## EXERCISE INPUTS
--------------------

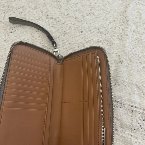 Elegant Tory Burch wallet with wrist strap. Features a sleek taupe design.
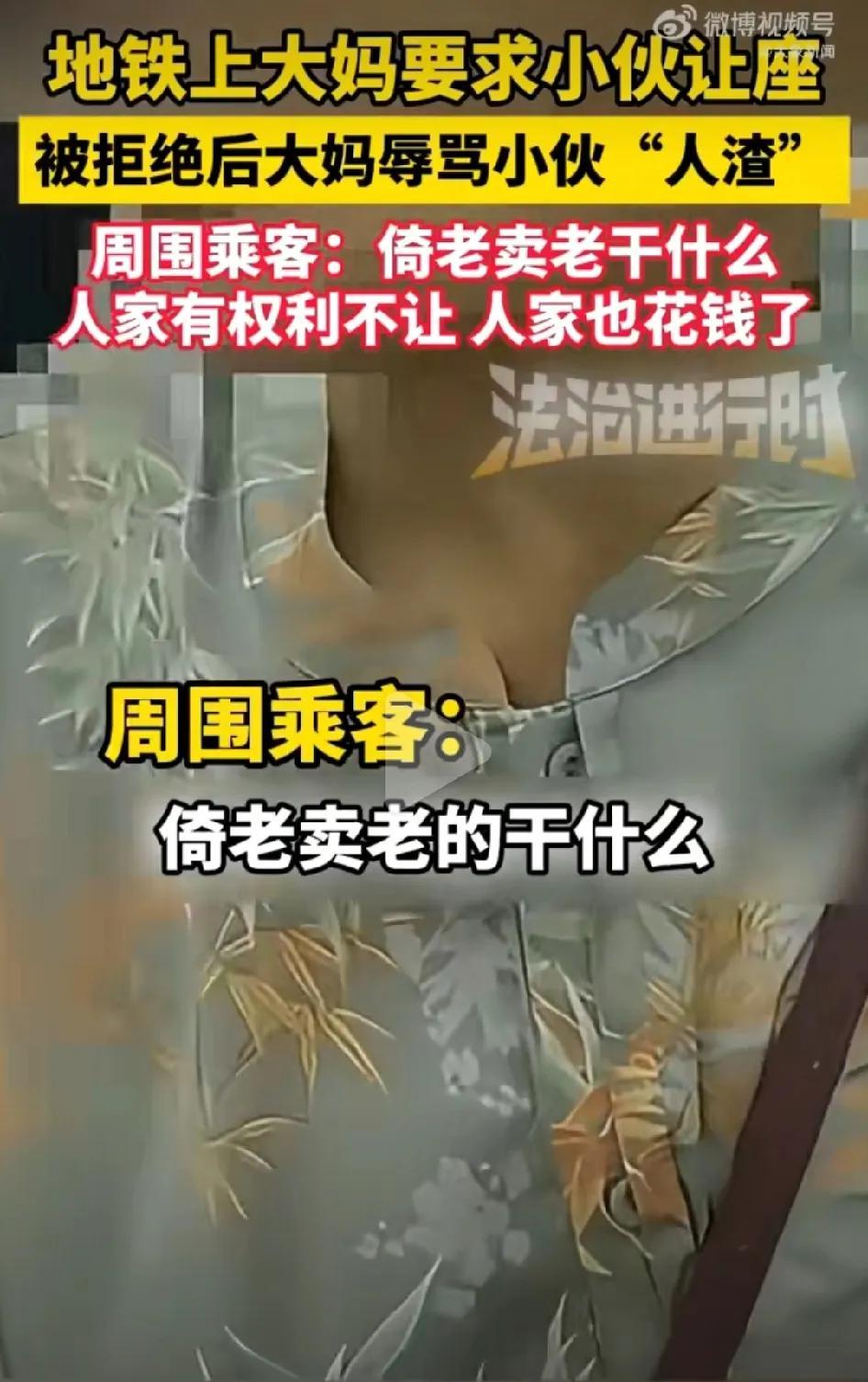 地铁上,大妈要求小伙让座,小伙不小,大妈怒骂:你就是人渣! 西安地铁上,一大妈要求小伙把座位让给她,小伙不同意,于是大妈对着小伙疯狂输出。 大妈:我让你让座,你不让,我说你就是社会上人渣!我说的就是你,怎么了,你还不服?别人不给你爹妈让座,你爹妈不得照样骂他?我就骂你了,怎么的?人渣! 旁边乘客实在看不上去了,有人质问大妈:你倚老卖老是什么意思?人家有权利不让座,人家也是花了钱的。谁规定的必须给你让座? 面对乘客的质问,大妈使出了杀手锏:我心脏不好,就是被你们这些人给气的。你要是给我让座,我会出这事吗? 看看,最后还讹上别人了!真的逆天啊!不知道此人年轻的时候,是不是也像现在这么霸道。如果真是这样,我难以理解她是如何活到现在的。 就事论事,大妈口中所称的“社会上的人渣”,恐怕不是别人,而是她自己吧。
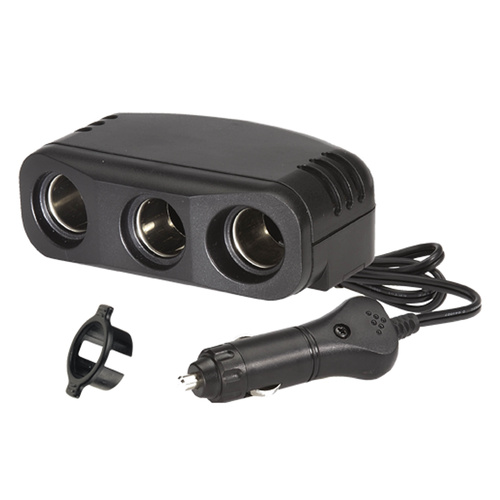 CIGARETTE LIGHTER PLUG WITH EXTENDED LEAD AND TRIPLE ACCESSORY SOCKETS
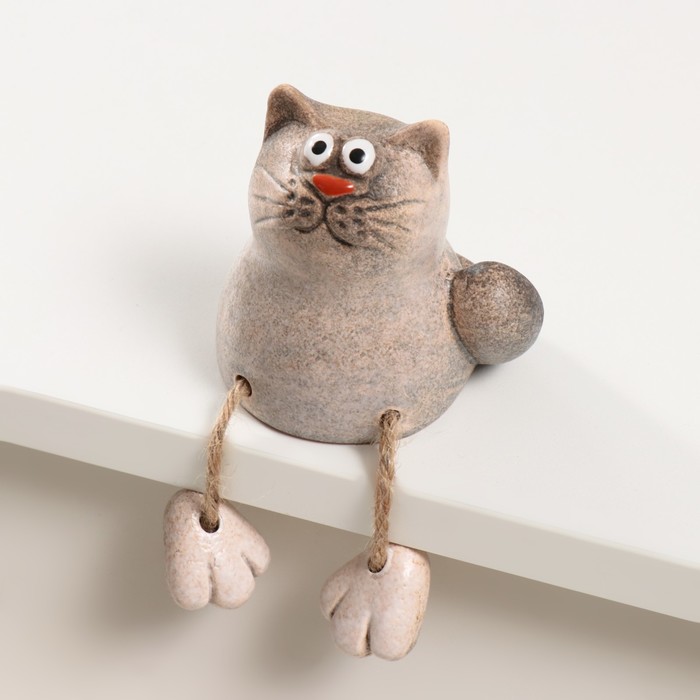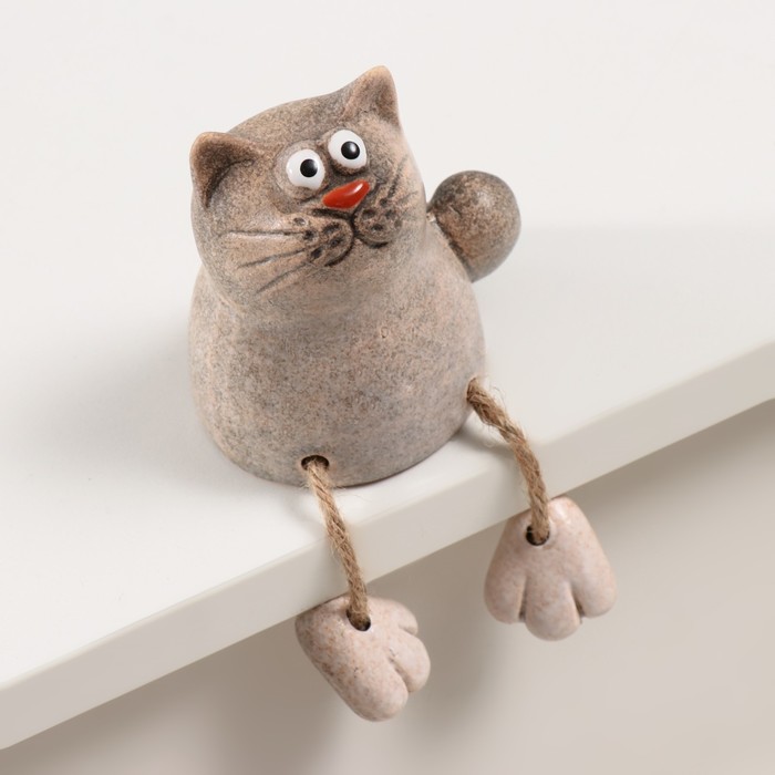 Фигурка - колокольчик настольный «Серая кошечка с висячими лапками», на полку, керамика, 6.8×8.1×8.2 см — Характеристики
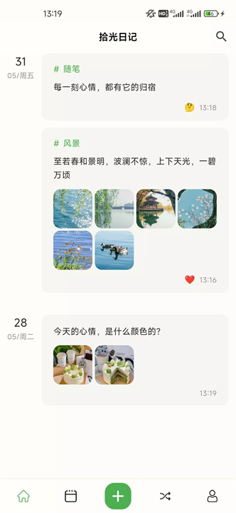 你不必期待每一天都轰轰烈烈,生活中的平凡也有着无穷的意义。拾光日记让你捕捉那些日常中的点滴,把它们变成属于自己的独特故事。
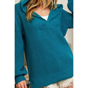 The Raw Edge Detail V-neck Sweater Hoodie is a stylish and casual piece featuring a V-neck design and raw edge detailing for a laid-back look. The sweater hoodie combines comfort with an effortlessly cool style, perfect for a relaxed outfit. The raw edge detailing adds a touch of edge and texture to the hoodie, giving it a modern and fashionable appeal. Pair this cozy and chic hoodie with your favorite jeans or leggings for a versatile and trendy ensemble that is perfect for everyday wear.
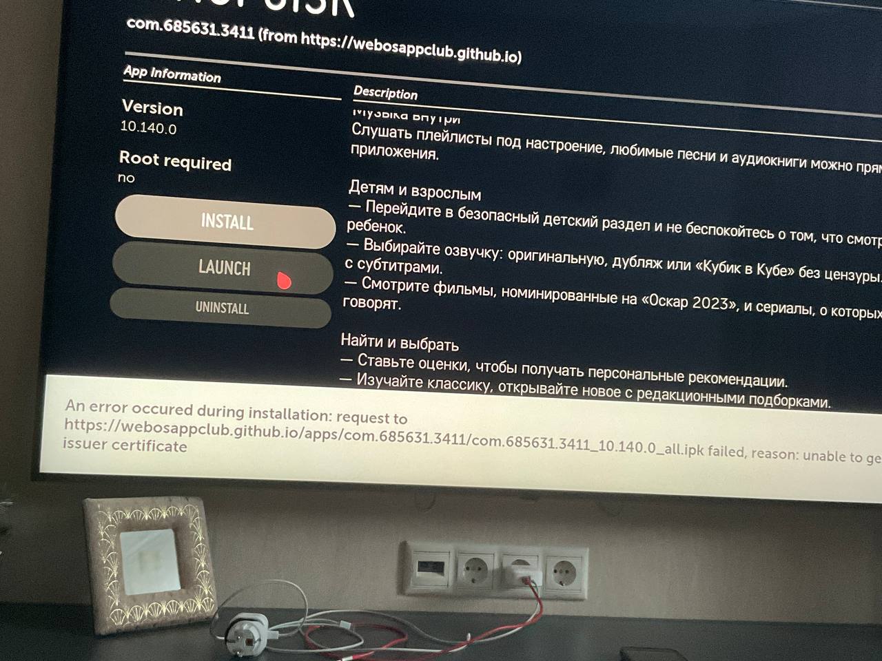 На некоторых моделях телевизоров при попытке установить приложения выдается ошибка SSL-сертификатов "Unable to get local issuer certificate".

--------------------

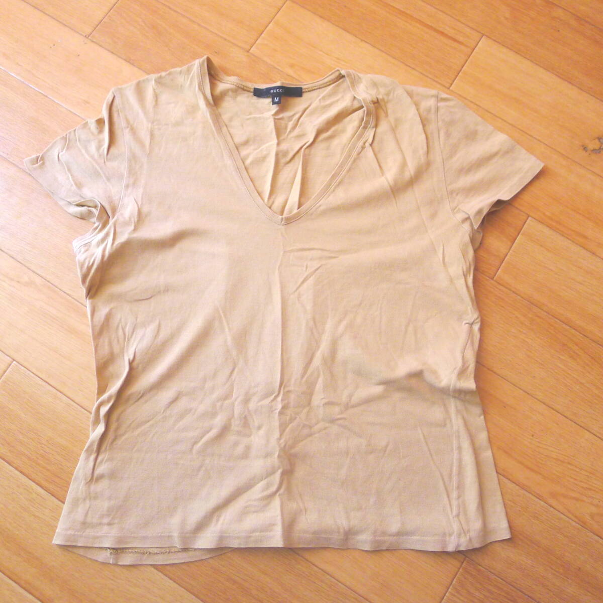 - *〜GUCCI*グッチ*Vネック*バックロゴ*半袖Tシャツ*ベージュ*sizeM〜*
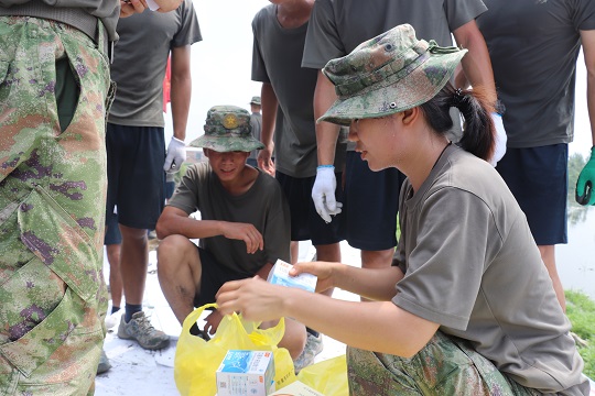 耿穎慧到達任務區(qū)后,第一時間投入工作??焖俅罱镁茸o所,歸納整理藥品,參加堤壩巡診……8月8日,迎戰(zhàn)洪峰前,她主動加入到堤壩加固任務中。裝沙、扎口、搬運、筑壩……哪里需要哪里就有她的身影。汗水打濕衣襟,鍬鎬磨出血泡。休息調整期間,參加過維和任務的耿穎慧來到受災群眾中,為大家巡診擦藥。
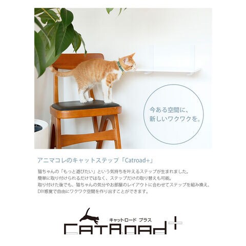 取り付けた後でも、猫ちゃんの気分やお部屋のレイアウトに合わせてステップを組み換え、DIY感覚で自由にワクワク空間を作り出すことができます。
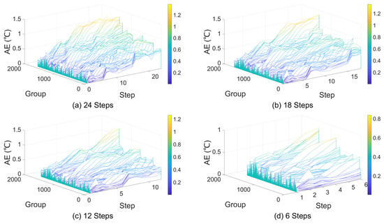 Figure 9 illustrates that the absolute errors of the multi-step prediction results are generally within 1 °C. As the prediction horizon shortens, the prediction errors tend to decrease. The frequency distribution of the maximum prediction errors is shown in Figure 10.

--------------------

## TASK INSTRUCTIONS
Reproduce the listing above only between the lines holding "Elegant Tory Burch" and "На некоторых моделях", inclusive. Every line must match exactly, and pictures are dropped.

## RESPONSE BOX
 Elegant Tory Burch wallet with wrist strap. Features a sleek taupe design.
 地铁上,大妈要求小伙让座,小伙不小,大妈怒骂:你就是人渣! 西安地铁上,一大妈要求小伙把座位让给她,小伙不同意,于是大妈对着小伙疯狂输出。 大妈:我让你让座,你不让,我说你就是社会上人渣!我说的就是你,怎么了,你还不服?别人不给你爹妈让座,你爹妈不得照样骂他?我就骂你了,怎么的?人渣! 旁边乘客实在看不上去了,有人质问大妈:你倚老卖老是什么意思?人家有权利不让座,人家也是花了钱的。谁规定的必须给你让座? 面对乘客的质问,大妈使出了杀手锏:我心脏不好,就是被你们这些人给气的。你要是给我让座,我会出这事吗? 看看,最后还讹上别人了!真的逆天啊!不知道此人年轻的时候,是不是也像现在这么霸道。如果真是这样,我难以理解她是如何活到现在的。 就事论事,大妈口中所称的“社会上的人渣”,恐怕不是别人,而是她自己吧。
 CIGARETTE LIGHTER PLUG WITH EXTENDED LEAD AND TRIPLE ACCESSORY SOCKETS
 Фигурка - колокольчик настольный «Серая кошечка с висячими лапками», на полку, керамика, 6.8×8.1×8.2 см — Характеристики
 你不必期待每一天都轰轰烈烈,生活中的平凡也有着无穷的意义。拾光日记让你捕捉那些日常中的点滴,把它们变成属于自己的独特故事。
 The Raw Edge Detail V-neck Sweater Hoodie is a stylish and casual piece featuring a V-neck design and raw edge detailing for a laid-back look. The sweater hoodie combines comfort with an effortlessly cool style, perfect for a relaxed outfit. The raw edge detailing adds a touch of edge and texture to the hoodie, giving it a modern and fashionable appeal. Pair this cozy and chic hoodie with your favorite jeans or leggings for a versatile and trendy ensemble that is perfect for everyday wear.
 На некоторых моделях телевизоров при попытке установить приложения выдается ошибка SSL-сертификатов "Unable to get local issuer certificate".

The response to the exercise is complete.